One exact copy of the listing is needed. It should contain no pictures.

> Supplied material:

■ ■ ■ ■ ■ ■ ■

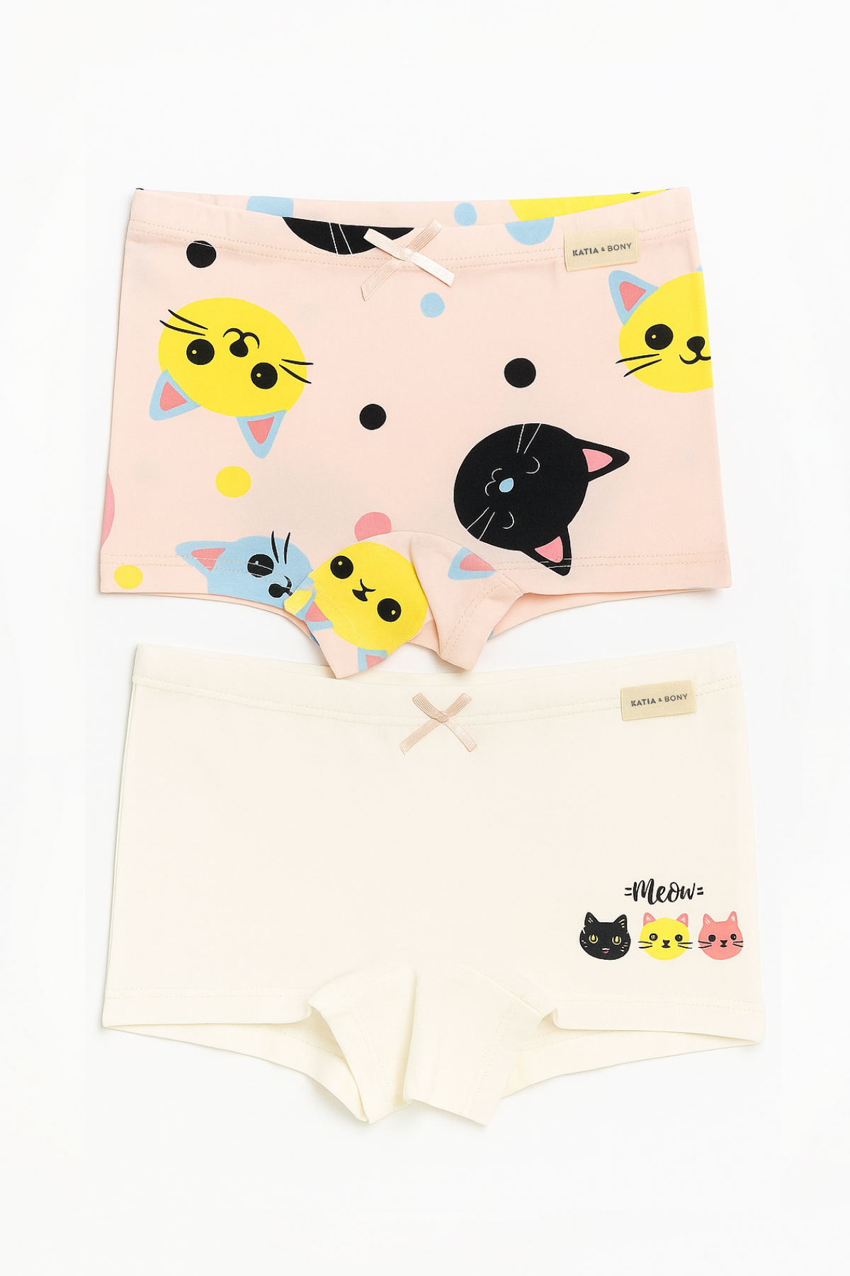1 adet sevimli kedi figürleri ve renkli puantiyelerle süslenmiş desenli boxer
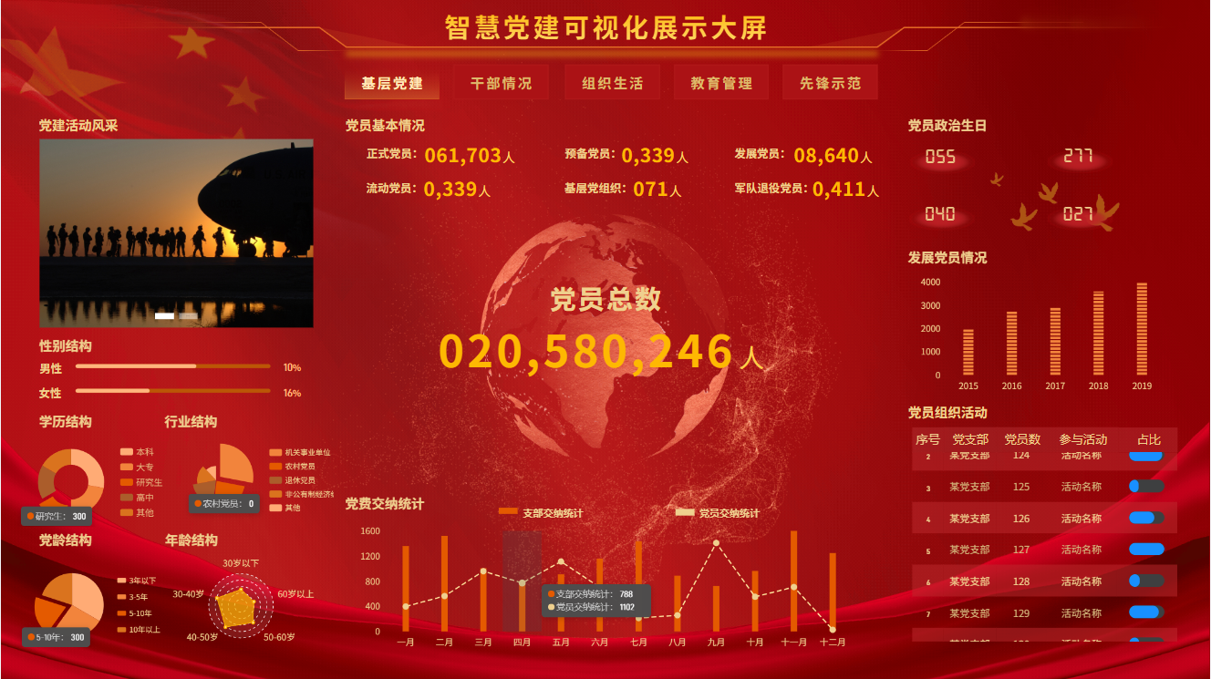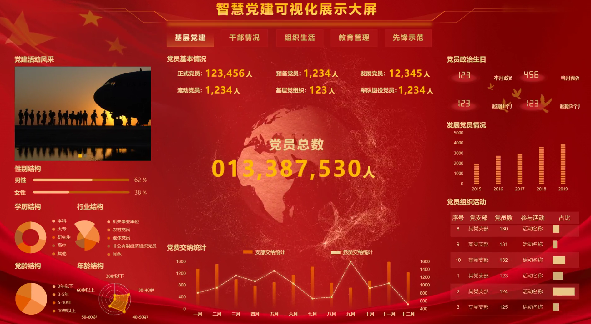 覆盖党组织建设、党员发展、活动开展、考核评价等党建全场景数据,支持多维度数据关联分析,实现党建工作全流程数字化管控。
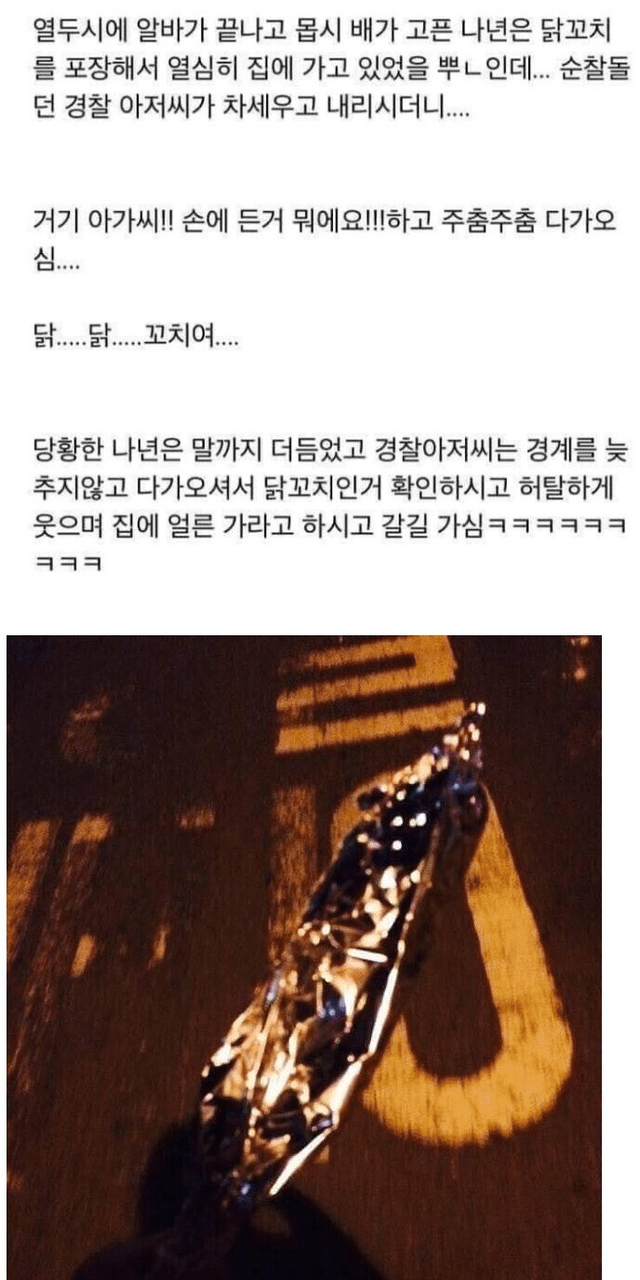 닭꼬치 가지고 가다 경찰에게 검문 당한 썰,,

■ ■ ■ ■ ■ ■ ■

> Exercise output:
1 adet sevimli kedi figürleri ve renkli puantiyelerle süslenmiş desenli boxer
 覆盖党组织建设、党员发展、活动开展、考核评价等党建全场景数据,支持多维度数据关联分析,实现党建工作全流程数字化管控。
 닭꼬치 가지고 가다 경찰에게 검문 당한 썰,,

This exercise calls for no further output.